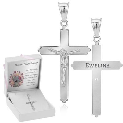 Srebrny duży krzyżyk z Jezusem z łańcuszkiem / na I Komunię Św. / Chrzest Św. / pr. 925 / różowa kokardka / z Grawerem i Dedykacją
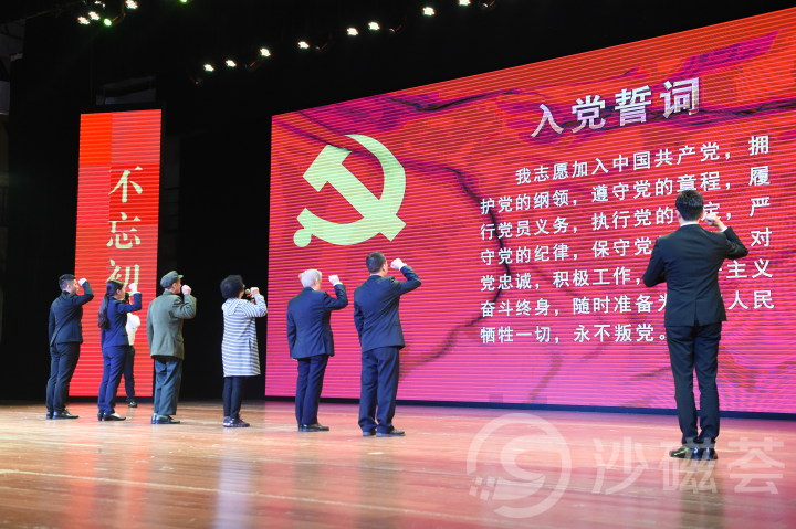 报告会结束后,报告团成员还带领与会全体党员重温了入党誓词。青年党员代表向报告团成员献花,致以崇高敬意。
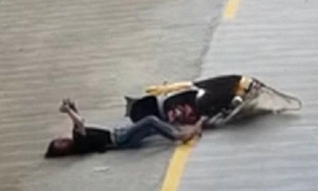 Απερίσπαστη παρακολουθούσε το κινητό της ενώ οδηγούσε το σκούτερ της σε δρόμο επαρχίας στην ανατολική Κίνα, με αποτέλεσμα να συγκρουστεί με άλλη μηχανή και να ανατραπεί.

■ Exercise description
Each line above should be printed again exactly, though the pictures should not be.

■ Task solution
 Srebrny duży krzyżyk z Jezusem z łańcuszkiem / na I Komunię Św. / Chrzest Św. / pr. 925 / różowa kokardka / z Grawerem i Dedykacją
 报告会结束后,报告团成员还带领与会全体党员重温了入党誓词。青年党员代表向报告团成员献花,致以崇高敬意。
 Απερίσπαστη παρακολουθούσε το κινητό της ενώ οδηγούσε το σκούτερ της σε δρόμο επαρχίας στην ανατολική Κίνα, με αποτέλεσμα να συγκρουστεί με άλλη μηχανή και να ανατραπεί.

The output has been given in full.